Texas Employers’ Insurance Association answered by denying that respondent was an employee of petitioner at the time his injuries were received.

The case was tried to the court with the aid of a jury, and at the conclusion of the testimony presented by respondent, the trial court instructed a verdict in favor of Texas Employers’ Insurance Association. We are not concerned with this action *53 of the court in view of the disposition we make of the controlling issues before us.

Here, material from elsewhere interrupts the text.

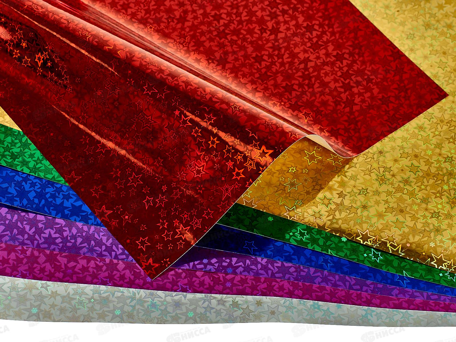 Переливающийся космический звездный узор голографической ламинированной (металлик) бумаги вдохновит ребенка на волшебные поделки. Такая бумага отлично украсит работу или подарок. Поделки и аппликации из нее получаются нарядными и волшебными.

At the close of all the testimony introduced in the cause as between petitioner and respondent, the court submitted the case to the jury on special issues. The jury returned its verdict in answer to Special Issue No. 6 that respondent was an invitee on petitioner’s premises at the time and place of his injury; the jury found in answer to Special Issue No. 7 that respondent was a licensee at such time and place; it found in answer to Special Issue No. 8 that he was not a trespasser; it found in answer to Special Issue No. 20 that respondent was an employee of petitioner at the time of his injury and in answer to. Special Issue No. 21 it found that such injury was not sustained in the course of his employment. The jury also found in favor of respondent and against petitioner on all acts of negligence submitted, including a general finding of negligence under the res vpsa loquitur doctrine and awarded damages.

The above issues, as well as others, which were submitted and answered by the jury, will be discussed later in this opinion.

The respondent’s motion for judgment on the verdict was overruled. Petitioner filed its motion to disregard various jury findings, and for judgment non obstante veredicto. The court set aside the finding on Special Issue No. 6 (invitee), but refused to disregard Special Issues Nos. 7 and 8 and the several issues of direct negligence. The motion for judgment non obstante veredicto was granted, and the trial court stated in its order that a directed verdict for petitioner would have been proper. Judgment was entered that respondent recover nothing from either peitioner or Texas Employers’ Insurance Association.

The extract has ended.